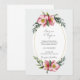 Celebrate your love story with this romantic blush pink floral wedding invitation, beautifully framed in a delicate gold oval. Soft watercolor blooms with lush green foliage adorn the top and bottom, creating a graceful, balanced design that feels both timeless and fresh.
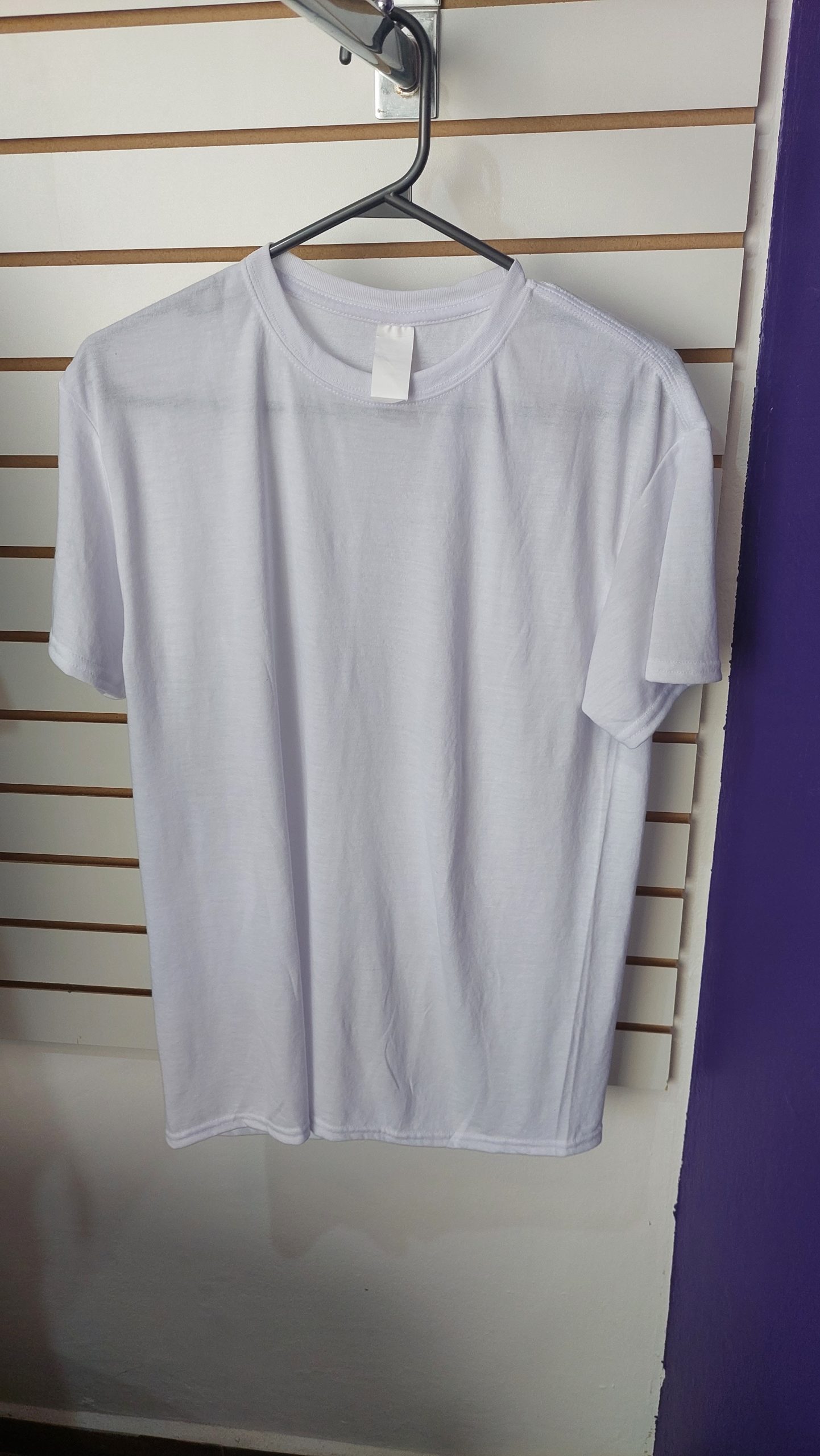 Camisa de poliéster Polyspum en talla XL, ideal para sublimación. Ofrece una excelente base para transferencias de alta calidad.
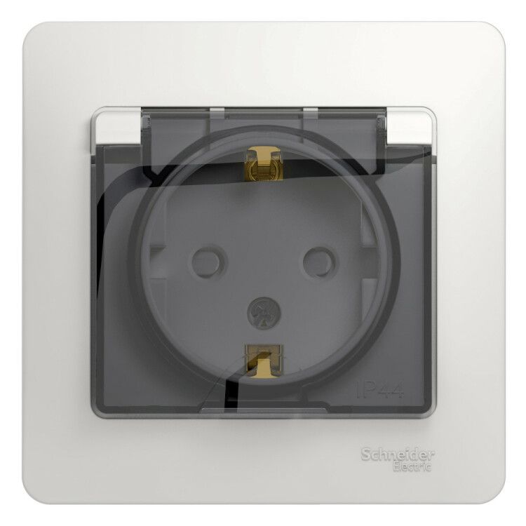 Розетка 1-м СП Glossa 16А IP44 с заземл. защ. шторки крышкой в сборе бел. SE GSL000148 APC
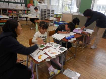 1年生は、食べ物の名前を覚えるために、「○○はどれ?」の問いかけで、カードを選んでいました。

- _ASSIGNED TASK_: Leave out the images and write out the listing above exactly.

- _EXPECTED OUTPUT_:
 Celebrate your love story with this romantic blush pink floral wedding invitation, beautifully framed in a delicate gold oval. Soft watercolor blooms with lush green foliage adorn the top and bottom, creating a graceful, balanced design that feels both timeless and fresh.
 Camisa de poliéster Polyspum en talla XL, ideal para sublimación. Ofrece una excelente base para transferencias de alta calidad.
 Розетка 1-м СП Glossa 16А IP44 с заземл. защ. шторки крышкой в сборе бел. SE GSL000148 APC
 1年生は、食べ物の名前を覚えるために、「○○はどれ?」の問いかけで、カードを選んでいました。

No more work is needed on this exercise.